L’importance de l’épissage alternatif dans le cancer n’est plus à démontrer, il a même été proposé qu’une régulation aberrante de ce processus soit intégré aux caractéristiques du cancer telles que décrites par Douglas Hanahan et Robert Weinberg (416-418). Un point d’intérêt devient ainsi la régulation des facteurs d’épissage en amont de ces changements. Par exemple, plusieurs études ont démontré que le facteur d’épissage SRSF1 semble être surexprimé dans plusieurs types de cancers et que de nombreux transcrits d’ARNm sont affectés par son activité (419-421). Similairement, Tra2-β1 et SRSF3 sont deux autres facteurs dont l’expression est élevée dans le cancer (422-424). La régulation de ces facteurs dépasse cependant le simple niveau de leur expression, et des modifications post-traductionnelles peuvent influencer leur activité au même titre que ce qui est observé dans la majorité des voies de signalisation. Par exemple, la phosphorylation du domaine SR de SRSF1 par la kinase SRPK1, surexprimée dans certains cancers colorectaux, promeut l’inclusion de l’exon 3b dans le transcrit primaire de Rac1, générant une plus grande proportion de l’isoforme constitutivement active Rac1b (425, 426). Outre leur activité, la localisation intracellulaire de certains facteurs d’épissage est altérée suivant la phosphorylation de leur domaine SR par des

Contrôle de l’épissage alternatif par la voie MAP Kinase

À l’instar de tous les autres processus biologiques, le contrôle de l’épissage par ces facteurs dépend aussi de l’apport d’une signalisation intracellulaire. Considérant que plusieurs voies de signalisation, notamment celle des MAP Kinases, sont fortement activées dans le cancer, il va de soi que l’épissage alternatif risque d’être modulé de manière similaire par la signalisation en amont. Conséquemment, la compréhension du rôle des voies de signalisation dans le processus d’épissage alternatif a une importance capitale.

Plusieurs substrats directs des kinases ERK1/2 ayant un rôle dans le processus d’épissage ont été identifiés au cours des années. Ceux-ci ont par ailleurs été traités à la section 1.3.3, de pair avec les fonctions associées. De manière plus indirecte, l’induction de la voie MAP Kinase impacte la phosphorylation de protéines SR via activation de la voie PI3K/Akt. Akt possède en effet plusieurs substrats liés à l’épissage alternatif dont hnRNP L, SRSF1, SRSF5 et SRSF7 (429-432).
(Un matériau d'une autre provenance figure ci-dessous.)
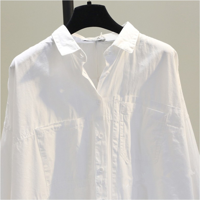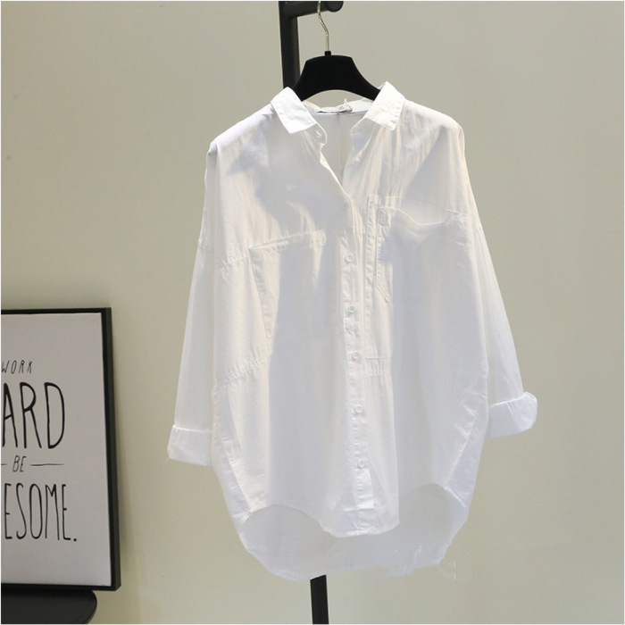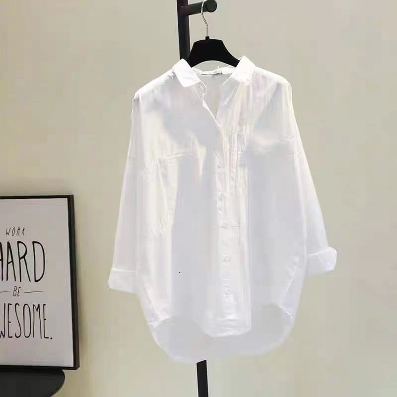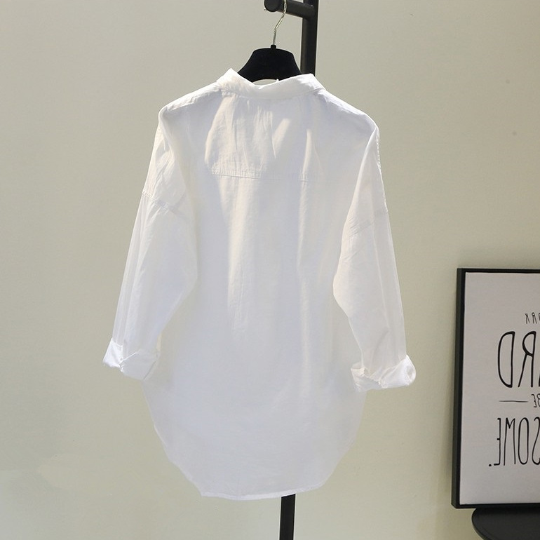 새로운 코튼 싱글 브레스트 라펠 솔리드 컬러 중간 길이 셔츠 가디건 화이트 루즈한 여성용 긴팔 셔츠스토어 가기

Ces modifications post-traductionnelles causent notamment l’épissage différentiel de la caspase 9 et de la kinase PKCβII. L’équipe de Xiang- Dong Fu a aussi élucidé un rôle plus large d’Akt, et par extension d’une activation de la voie MAP Kinase, dans le contrôle de l’épissage via la phosphorylation de SRPK1 (433). Akt induit l’autophosphorylation de SRPK1 suivant une stimulation à l’EGF, ce qui mène à la translocation nucléaire de SRPK1 et d’une phosphorylation accrue du domaine SR de nombreux facteurs d’épissage. Le mécanisme exact, indépendant de son activité kinase, selon lequel Akt stimule SRPK2 à s’autophosphoryler reste cependant inconnu. Un autre groupe a décrit une phosphorylation directe de la T492 de SRPK2 par Akt sur un autre résidu non conforme au motif accepté de phosphorylation, hypothèse qui a par la suite été rejetée et donc la kinase reste encore à ce jour inconnue (434). Par ailleurs, ce résidu n’est pas plus conforme au motif de phosphorylation de ERK1/2. Bien que les changements exacts de patrons d’épissage causés par ce mécanisme ne sont pas caractérisés en profondeur à ce jour, la

surexpression de SRPK1 et l’activation d’Akt ont été observées dans plusieurs types de cancer (432, 435-437).